The example that he solved could be figured out in a minute by a bright 10-year-old using a pen and paper. But that wasn't the point. Adleman had realised, for the first time, Feynman's vision of computing using molecules. After he published his paper, there was a flood of interest in the new field of DNA computing, a tide on which I was personally carried. The potential benefits were huge, since we can fit a vast amount of data into a very small volume of DNA. If you consider that every cell with a nucleus in your body contains a copy of your genome - 3 gigabytes of data, corresponding to 200 copies of the Manhattan phone book – you begin to understand just how advanced nature is in terms of information compression. Suddenly my 4 gig iPod nano doesn't look quite so impressive.
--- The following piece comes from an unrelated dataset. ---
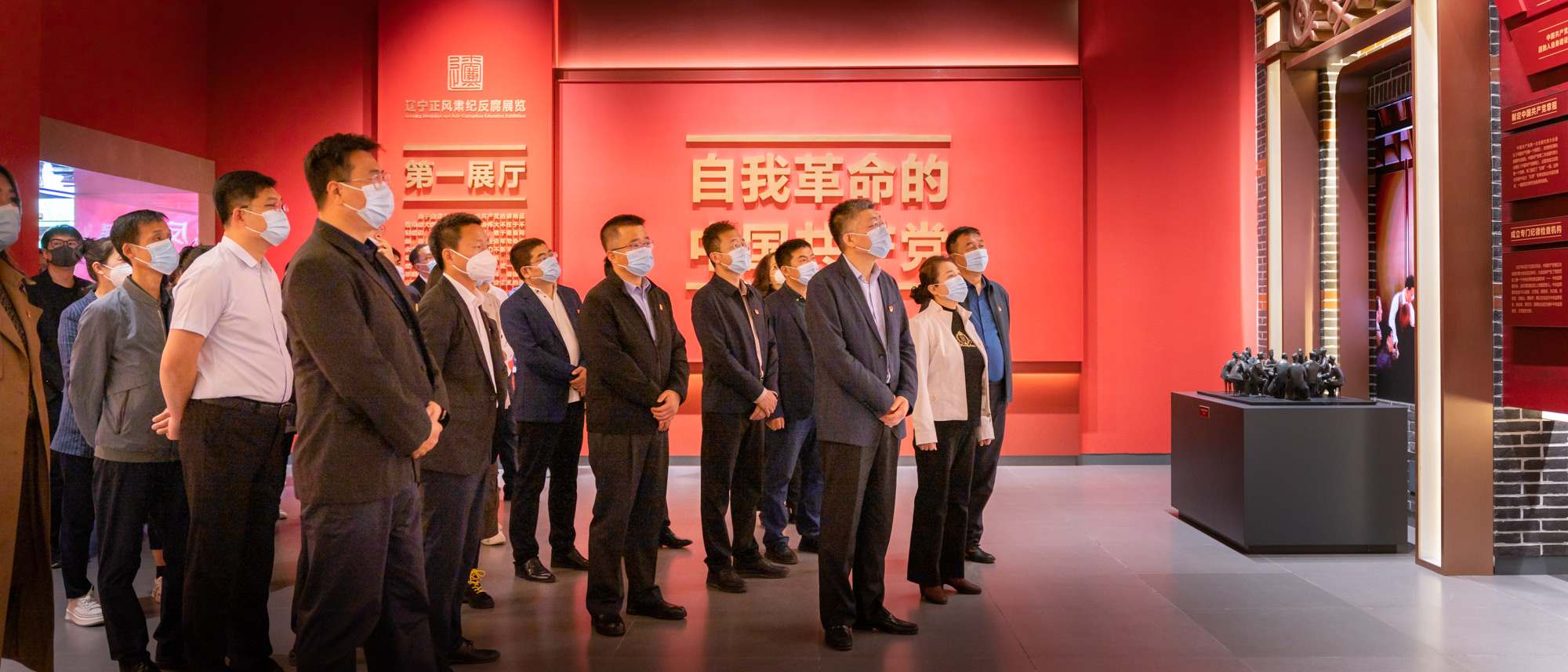 辽宁正风肃纪反腐展览以“党的自我革命”为主题,通过文字、图片、浮雕和环幕短视频、案例警示、先进典型等传统教育与现代化教育手段有机结合,从不同角度、不同层面展现了我们党勇于自我革命的实践成果,展现了辽宁反腐败斗争取得压倒性胜利并全面巩固的工作成果。走进展馆,在讲解员的引导下,全体党员干部认真聆听、驻足观看、互动参与、切身感受,进一步了解到党百年历史下的自我革命成就和我省反腐败斗争取得的显著成效,深刻体会到违纪违法党员干部腐化堕落后忏悔之心,全面增强了红线意识和底线思维。

After a few years, though, people began to wonder if molecular computing would ever be used for anything important. They were looking for the “killer application”, the thing that people are willing to pay serious money for, like the spreadsheet, that persuaded small businesses to buy their first ever computer. The fundamental issue with Adleman's approach is tied to the difficulty of the problem; as the number of cities grows only slightly, the amount of DNA required to store all possible sequences of flights grows much more quickly; a small increase in the number of cities quickly leads to a requirement for bathtubs full of DNA, which is enough to induce hysterical laughter in even the sanest biologist. Indeed, it was estimated that if Len's algorithm were to be applied to a map with 200 cities in it, the DNA memory required to store all possible routes would weigh more than the Earth.
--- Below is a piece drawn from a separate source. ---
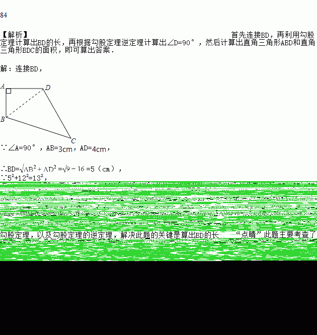 已知,如图,四边形ABCD中,AB=3cm,AD=4cm,BC=13cm,CD=12cm,且∠A=90°,求四边形ABCD的面积.

It would appear that DNA computing has reached the end of the line, if we are to insist on applying it to computational problems in a head-to-head battle against traditional silicon-based computers. Let's be straight, you're never going to be able to go into PC World and buy a DNA-based computer any time soon. When DNA computing first emerged as a discipline, I was dismayed to see a rash of papers making claims that within a few years we'd be cracking military codes using DNA computers and building artificial molecular memories vastly larger than the human brain. I was dismayed because I knew what had happened 30 years previously to the embryonic field of artificial intelligence. Again, hubristic claims were made for their discipline by the young Turks, ranging from personal robot butlers to automated international diplomacy. When the promised benefits failed to materialise, AI suffered a savage backlash in terms of credibility and funding, from which it is only just beginning to recover. I was very keen to avoid the same thing happening to molecular computing, but I, like many others, knew that we needed to look beyond simply using DNA as a tiny memory storage device.
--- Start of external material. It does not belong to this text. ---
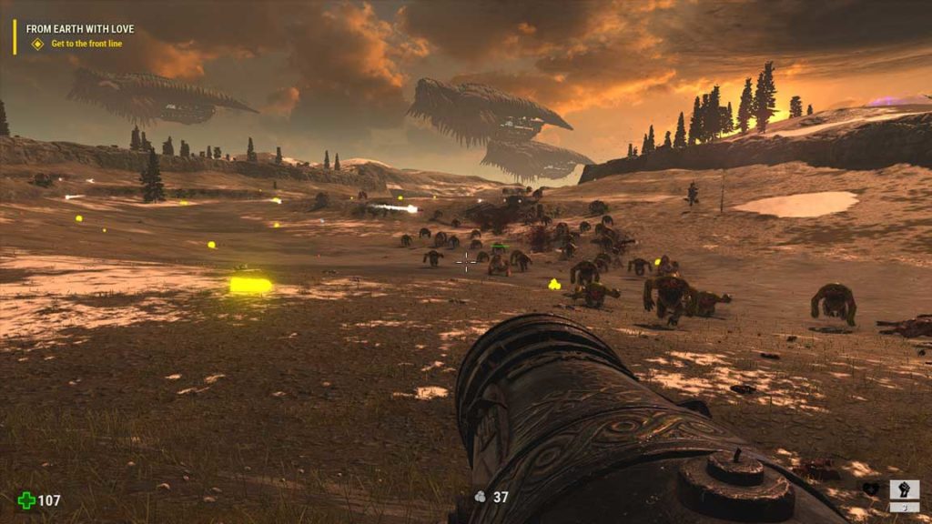 Il più rilevante, ai fini del gameplay, è il sistema S.A.M., un albero di Perk sbloccabili che aggiunge abilità al nostro buon eroe. Il sistema è calibrato per non essere “macrabile”, e l’unico modo per acquisire queste abilità sarà trovare degli artefatti alieni disseminati tra le varie mappe del gioco. Alcuni di questi perk danno dei vantaggi pratici passivi, come la possibilità di correre e sparare o aumentare la velocità di ricarica. Altri invece aumentano la dimensione massima dei nemici che potete uccidere con un colpo melee. Se poi volete proprio fare i Sam, alcuni perk vi daranno la possibilità di utilizzare due armi contemporaneamente o addirittura di poter cavalcare alcuni nemici, dopo averli propriamente storditi. Ce n’è per tutti i gusti e tutti gli stili di gioco!

The next key breakthrough was in realising that, far from being simply a very small storage medium that can be manipulated in a test tube, within its natural environment – the cell – DNA carries meaning. As the novelist Richard Powers observes in The Gold Bug Variations, “The punched tape running along the inner seam of the double helix is much more than a repository of enzyme stencils. It packs itself with regulators, suppressors, promoters, case-statements, if-thens.” Computational structures, that is. DNA encodes a program that controls its own execution. DNA, and the cellular machinery that operates on it, pre-dates electronic computers by billions of years. By re-programming the code of life, we may finally be able to take full advantage of the wonderful opportunities offered by biological wetware.

As Oliver observes in his book, “The world is not just a set of places. It is also a set of processes.” This nicely illustrates the shift in thinking that has occurred in the last few years since the human genome has been sequenced. The notion of a human “blueprint” is outdated a useless. A blueprint encodes specific locational information for the various components of whatever it's intended to represent, whether it be a car or a skyscraper. Nowhere in the human genome will you find a section that reads “place two ears, on on either side of head” or “note to self: must fix design for appendix.” Instead, genes talk to one another, turning each other (and often themselves) on and off in a complex molecular dance. The genome is an electrician's worst nightmare, a tangle of wiring and switches, where turning down a dimmer switch in Hull can switch off the Manhattan underground system.

The human genome project (and the many other projects that are sequencing other organisms, from the orang-utan to the onion) is effectively generating a biological “parts catalogue”; a list of well-understood genes, whose behaviour we can predict in particular circumstances. This is the reductionist way of doing science; break things down, in a top-down fashion, into smaller and smaller parts, through a series of levels of description (for example, organism, molecule, atom). The epitome of this approach is the very well-funded physicists smashing together bits of nature in their accelerators in an attempt to discover what some call the God Particle.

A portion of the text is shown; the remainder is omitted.